このエネルギー需要に対して、国内にある自然エネルギーで100%賄うことは可能かどうか、電力だけでなく、熱・燃料も含めた総合的なエネルギーの姿を検討しました。

自然エネルギーは、太陽光発電、風力発電、水力発電、地熱発電、バイオマスを対象としています。それらの導入量は、環境省のポテンシャル調査等を参考にして、既存あるいはその延長線上にある技術を基に想定しています。

その結果、自然エネルギーによって日本のエネルギー需要を満たすことは、少なくとも技術的には十分可能であることを示しました。

電力と熱・燃料の総合的な姿として、2050年に自然エネルギー100%への移行を完了するには、2020年には20.0%、2030年には49.6%、2050年には76.6%に達していることが必要であることがわかりました(グラフ1)。

20111118a.gif

グラフ1(クリックすると拡大します)

そして別途、2050年の電力需要を、年間365日通じて満たせるのかについて、気象データを用いてダイナミック・シュミレーションによる検証を行ったことが、本シナリオの特色となっています。一日あるいは年間で変動する電力需要にあわせて、バッテリーに大きく頼ることなく、自然エネルギーを供給し続けることが可能であることを確認しました。

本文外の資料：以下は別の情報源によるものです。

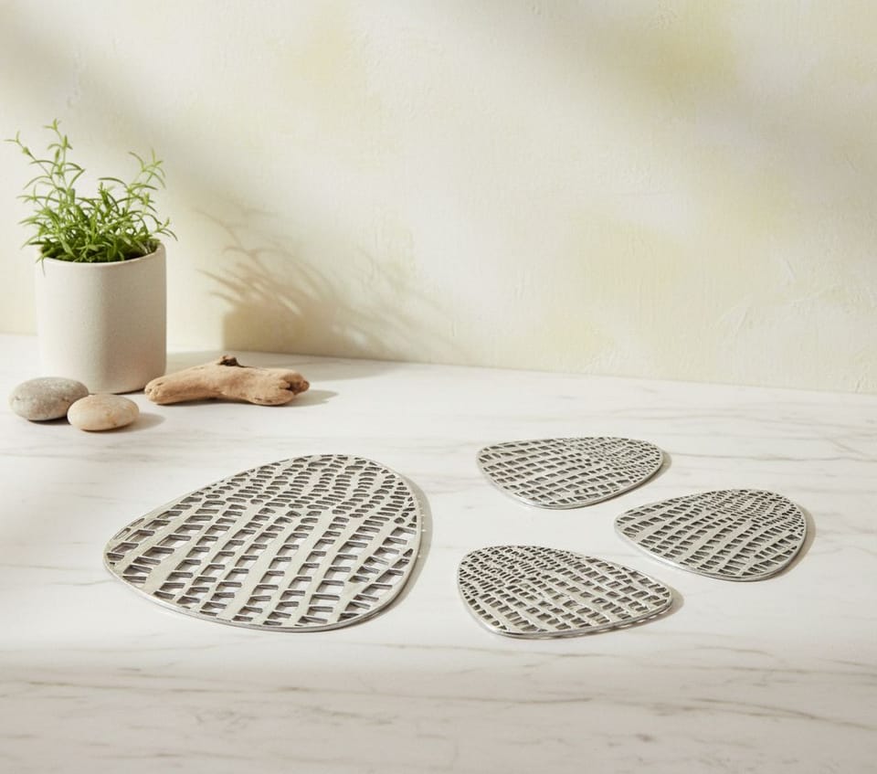 LEILA Komplet 4 podstawek pod kubek 10x13cm srebrne

また本シナリオに基づけば、2020年のエネルギー起源CO2の排出量は1990年比で約25%削減、2030年には約58%削減となります。現在政府が掲げている「2020年までに1990年比で温室効果ガス排出量を25%削減」という目標は、射程範囲内にあると言えます。

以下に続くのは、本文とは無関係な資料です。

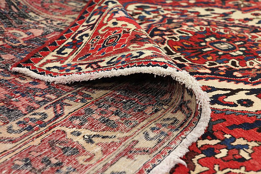 Abrash: Due to the different amount of grease in the wool and the added salt during the process of dyeing, the wool has got a varying colour absorbance. This is not very visible before weaving. During the weaving though, lines of the same colour are formed in the carpet. This is called Abrash (which in Farsi means little cloud) and it shows that the wool was not manufactured using chemical means and marks the naturalness and authenticity of the carpets. Examples

このように、本シナリオは、エネルギー問題と地球温暖化問題の両方を解決し、持続可能な社会・脱炭素社会への道筋を示す内容となっています。その実現に必要な政策として、概要版では次の5項目を提言しています。

  1. 明確な省エネルギー目標と自然エネルギー目標の設定
  2. 自然エネルギーのポテンシャルを十分に活かすような推進政策
  3. 電力システム改革
  4. 自然エネルギーの熱活用と水素の有効活用
  5. 原発の着実な段階的廃止方針の選択

(詳細は概要版を参照)

以上は本シナリオ実現のために必要な条件のほんの一部ではありますが、同時に、これらなくして達成は不可能といえる重要な要素です。WWFジャパンでは、今後も、このシナリオが示すビジョンの実現のために必要な要素について、提言を続けていきます。